New Albany Merit Commission to decide if whistle-blowing police officer stays on force

NEW ALBANY, Ind. (WHAS) -- Roughly 10 months after New Albany Police Officer Laura Schook brought allegations of police corruption to the Merit Commission, the same commission will be deciding on her employment. At their meeting Thursday, they discussed a date for Schook's hearing, when she'll make her case to stay on the force. Schook's family and supporters were on hand Thursday to stand by her and her allegations.

"We are here to support Laura. We have a lot of members in the community and all over the state. Her family is here to support her. We are all on her side.
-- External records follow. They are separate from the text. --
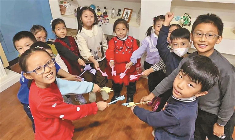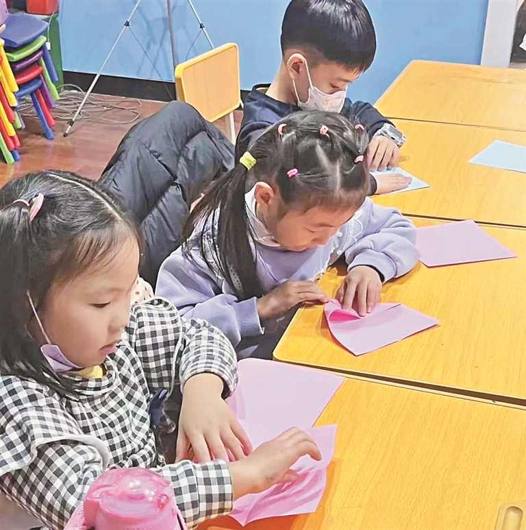 在接下来的实践环节,同学们在老师的带领下,开始了手工互动,用一张张彩色的卡纸巧手制作出一把把小斧子,为本次课程画上一个圆满的句号。
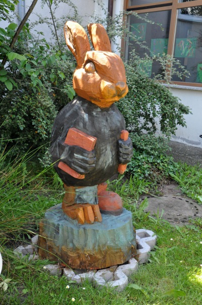 Schon im Vorfeld hatte Frau Anja Schwarz mit den Dritt- und Viertklässlern das Schullogo in eine lebensgroße Holzskulptur umgesetzt.
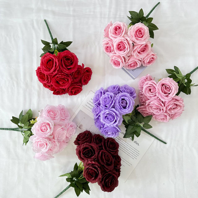 Artificial Flowers 9-Head Large Horn Rose Artificial Silk Roses Flowers Home Wedding Decoration Table Decor
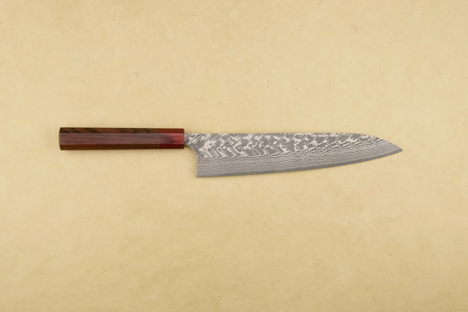 About the Shape – Inspired by the profile of a traditional European chef knife, Gyutos are a multi-purpose knife with a slight meat cutting bias. “Gyuto” translates to “cow sword.” If you want one knife to do it all, This is it. Starting at 180mm, Gyutos can reach the ridiculously long (and awesome) 370mm. For the at-home or professional cook, we recommend a Gyuto which measures between 210mm and 270mm long.

My sister is a good officer and she deserves justice, so she deserves to be heard and she will," said Schook's sister Stephanie Day.

"I am so proud of Laura for standing up, while everyone else hides their eyes and looks the other way she should be cheered on," said friend and supporter Valla Ann Marcus.

New Albany's former Police Chief Sherri Knight stepped down amid these allegations back in May. ISP's White Collar Crimes Unit investigated the claims which included alleged falsified time-sheets this summer, but no criminal charges were filed.

Schook's family says the department is trying to fire her partially because she brought her claims to the public.

"They've also stated that her allegations were not true and she shed a bad light on the police department," said Day. "None of her proof is out there, we don't even know what they did in their investigations."

The board did not agree on a hearing date and are still working out details with attorneys for both sides. A board member says the hearing will be a closed courtroom-like session where both sides will present their evidence and the board will act as the jury.

Current New Albany Police Chief Todd Bailey did not comment except to say that the matter is now in the hands of the Merit Commission.